Office Space Review

by Cheng-Jih Chen (postmaster AT cjc DOT org)
March 2nd, 1999

I'm writing this as I'm waiting for Oracle to churn out a big new tablespace for the developers to do some testing in later this week. This exercise began, in 15-minute fits and starts and a spasm of e-mail, late last week, when the request came down the line, resurfacing Friday, when I got scheduled downtime to bounce the RDBMS early Saturday to twiddle a parameter set by the guys who set up this instance in the first place (two hours worth of Saturday morning twiddling, most of it spent waiting around for the OS to do a cold backup in case something disasterous happened), finally culminating in executing three glorious SQL commands this Monday morning. Yes, the new Mike Judge movie, "Office Space", struck a small cord in the stupidest of places, when Our Hero is watching his workstation get bogged down in I/O. Yes, it was a cliched scene, but I'm spending part of my recent time watching I/O happen. And I don't even have the benefit of a little spinning disk to tell me something is going on.
It's an uneven movie, though. Though it's far, far better than the very disappointing Beavis and Butthead movie, "Office Space" is only about as good as a good "King of the Hill" episode. The best parts are the wonderful moments that show the little frustrations of post-industrial America. Some scenes of wish fulfillment were fantastic, most notably gutting the fish (if only he used a Leatherman) and an ultraviolent, gangsta video inspired beating. Their office bulding, by the way, looked eeriely like my company's Dallas office, which I recently had to visit: acres of parking lot surrounding a large flat building. The Dallas office, however, looks a bit more run down and dimly lit than the one in the movie, at least the area where the DBAs sat.

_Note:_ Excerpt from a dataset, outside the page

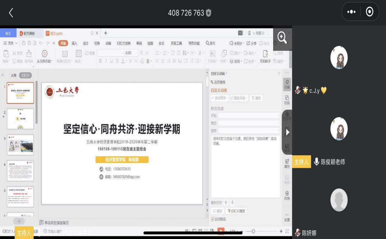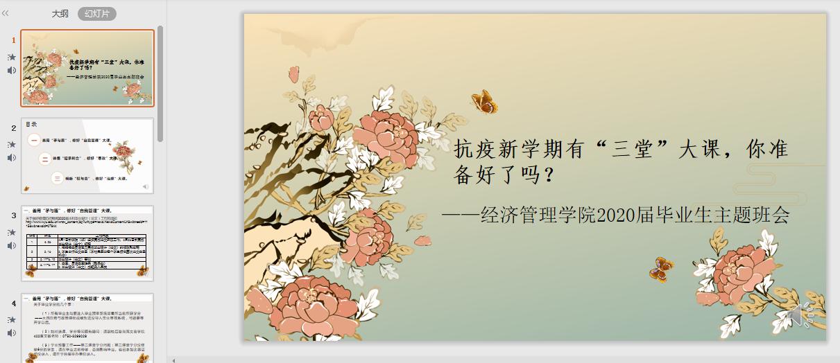 為深入學習貫徹習近平總書記關于疫情防控的重要指示精神,更好的配合學校疫情管控工作和線上課程學習的正式推進。經濟管理學院全體輔導員于3月11日—14日通過騰訊會議、錄制小視頻、QQ群課堂、微信語音播報等多種形式與學生們線上相約召開了一次特殊的主題班會,進一步的了解真實全面的學生動態,從而給學生近距離的關心關懷。

[Ah, that bit of I/O just finished. Now to FTP (a continuation of I/O by an admixture of means) a bunch of export files...]

The film loses steam towards the end, or when it gets too involved with this Superman III-style plot hatched by Our Hero and his downsized coworkers. The writing's fine edge in depicting office life is lost when it tries to move a story, a not particularly interesting one at that. This scheme, unfortunately, takes up a good part of the second half of the movie. As noted, the film is inconsistent, a better rental than anything else.

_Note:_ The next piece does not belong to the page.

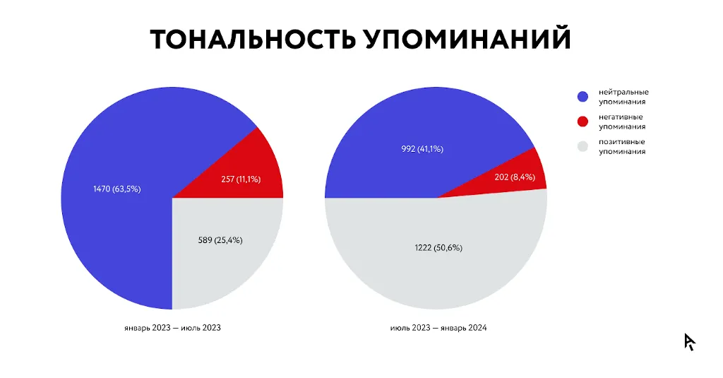 В первую очередь мы оценили результаты ORM-работ и проанализировали динамику репутационного фона — сравнили период с января по июль 2023 года и период с июля 2023 по январь 2024 года.

The film also dips a toe in the more blue-collar world of food service through Our Hero's love interest, a waitress played by Jennifer Aniston. No array of indignities confront the waitress, however, only the single indignity of having to wear "flair" to spice up a drab uniform: stupid little buttons, slogans and cheesy ties and LED-enhanced ribbons to be worn as an expression of institutional creativity. The web of small indignities from, say, the customers, is wholely absent: Judge apparently wants to focus on the absurdities that descent from the managers up on high like manna. Well, that, and office equipment. [Harpers Magazine a few issues ago had Barbara Ehrenreich pose as a waitress for a month in a variety of places, a sort of limosine liberal exercise in showing the inadequacy of minimal wage. If nothing else, that article suggests that Aniston's minimum of fifteen pieces of flair is the least of worries.]

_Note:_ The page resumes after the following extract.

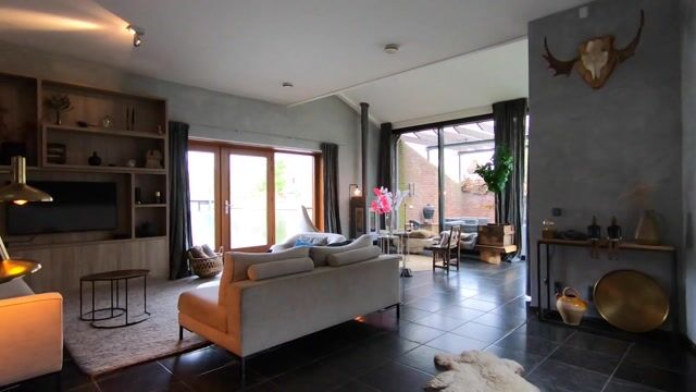 Entree, royale hal met een vaste op maat gemaakte garderobekast, meterkast en een modern toilet met fontein. Openslaande deuren in staal uitgevoerd leiden naar de woon-/eetkamer met een verlaagde zitkamer van ca. 45 m², een plafondhoogte van ca. 3 meter, een sfeervolle houtkachel, een Belgisch hardstenen vloer en een schuifpui naar de tuin. De eetkamer van ca. 30 m² grenst aan de luxe, tijdloze en ruime halfopen moderne keuken met Belgisch hardstenen vloer. Deze is voorzien van een Quooker, vaatwasser, afzuigkap, inductie kookplaat, een combi-ovens/magnetron, een stoomoven, een geïntegreerde koffieautomaat, een koelkast en een vriezer. De voormalige garage is omgebouwd tot een multifunctionele kamer, momenteel in gebruik als studeer- en t.v.-kamer.

[So, the FTP is done. Now, gzip -d. Yes, I feel I'm being paid absurdly much for absurdly little.]

Our Hero, incidentally, finds joy at the end in manual labor. (Something I'm not unsymapthetic to, having noted that digging a ditch at least lives you with a ditch at the end of the day, instead of this abstraction running with the aid of metaphorical baling wire and duct tape on some computer I've never actually seen. But then, I've never dug a ditch, so I really shouldn't be glorifying the whole thing, given that I'd probably think ditch digging really, really sucks if I had to do it, despite my going to the gym nowadays.) I suppose Judge's final point is that there's dignity in labor or work, just that it's usually lost in the actions of petty managers, clueless consultants and absurd institutional rules. It's a new dialectic: the bosses and the bureaucracy are the new bourgeois, the owners of the mission statement and time card. The rest of us are the post-industrial proletariate, office workers and glorified burger flippers.